Sen. Johnson, who is a former warlord, relinquished the post without contest.  In 1990, he was responsible for the capture and killing of former Liberian President Samuel Doe and is named in Liberia’s Truth and Reconciliation Report as having committed atrocities during the country’s first civil war.

The Sanction

The sanction, according to a statement from the U.S Treasury Department, comes as Sen. Johnson has been involved in pay-for-play funding with government ministries and organizations for personal enrichment. 

It says that Senator Jonson and the power that is from the administration of former President Ellen Johnson Sirleaf to President George Weah have laundered millions of U.S. dollars in the pay-for-play funding scheme.

“As a Senator, Johnson has been involved in pay-for-play funding with government ministries and organizations for personal enrichment,” the U.S Department of Treasury said in a statement.
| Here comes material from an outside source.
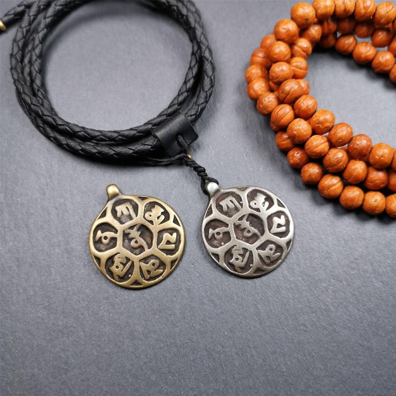 It is made of brass, 1.26 inches,carved with mantra of chenrezig OM MANI PADME HUM.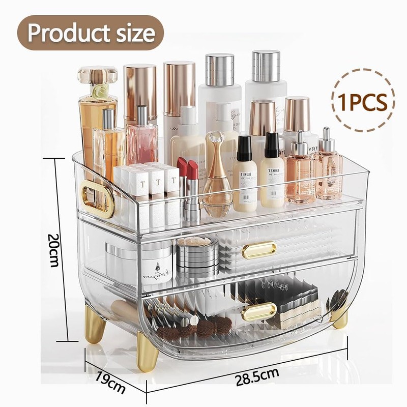 Clear Makeup Organizer with Drawers - Dustproof Skincare Storage Box for Vanity and Bathroom Counter

As part of the scheme, upon receiving funding from the Government of Liberia (GOL), the involved government ministries and organizations launder a portion of the funding for the return to the involved participants. “

“The pay-for-play funding scheme involves millions of U.S. dollars.  Additionally, Johnson receives an undeserved salary from the GOL as a salaried intelligence ‘source’ yet he does not provide any form of intelligence reporting to the GOL; Johnson is reportedly being paid in order to maintain domestic stability. Johnson has also offered the sale of votes in multiple Liberian elections in exchange for money,” added the Treasury.

Sen. Johnson is being designated pursuant to E.O. 13818 for being a foreign person who is a current or former government official, or a person acting for or on behalf of such an official, who is responsible for or complicit in or has directly or indirectly engaged in, corruption, including the misappropriation of state assets, the expropriation of private assets for personal gain, corruption related to government contracts or the extraction of natural resources, or bribery.

The difference view

But while the sanction is being well-received among large opposition, an emerging Liberian public policy expert, Vandalark Patricks, who is a graduate of the Harvard Kennedy School of Governance, thinks the Biden administration has not gone to catch the true perpetrators of the political polygamy.
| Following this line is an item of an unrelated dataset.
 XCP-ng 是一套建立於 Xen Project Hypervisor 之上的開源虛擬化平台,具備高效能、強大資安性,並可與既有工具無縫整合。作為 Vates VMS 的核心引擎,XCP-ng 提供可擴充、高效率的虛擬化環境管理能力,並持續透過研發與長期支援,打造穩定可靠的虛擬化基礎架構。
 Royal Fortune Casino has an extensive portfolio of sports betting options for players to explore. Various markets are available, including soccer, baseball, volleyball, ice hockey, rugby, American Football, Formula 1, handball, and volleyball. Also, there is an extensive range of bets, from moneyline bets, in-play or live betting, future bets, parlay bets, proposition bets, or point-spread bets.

“In this regard, I would suggest that this sanction on Senator Johnson goes beyond political targets since the very statement mentions other ministers who facilitate the act. In Liberia, it is a crime to bribe, and it is a crime to receive a bribe. So, those who the U.S. Treasury unclaimed, often provide money to Senator Johnson to carry on the operations, should also be sanctioned to reflect a collective fight against corruption in Liberia.

Patricks argued that the fact that the U.S sanction lacks specifics, looks like a political ploy to prevent the senator from supporting the candidate of his choice during the 2023 general and presidential elections as a means of creating a level playing field in vote-rich Nimba County.

He added that referees should give similar red cards to other players that committed the same infringement, especially when corruption has been entrenched in the three branches of government for decades.

“Judging from his tricks, this sanction has increased his political base, because he now has reasons to cajole his people and indict individuals wanting to go for re-election in Nimba and those running for the presidency of being responsible for the sanction against him. The people of Nimba will fall for this, and I am sorry for those running for the presidency, and going for re-election. They will have more to explain to the people of Nimba on why they should give them their votes, should Senator Johnson amplify this.”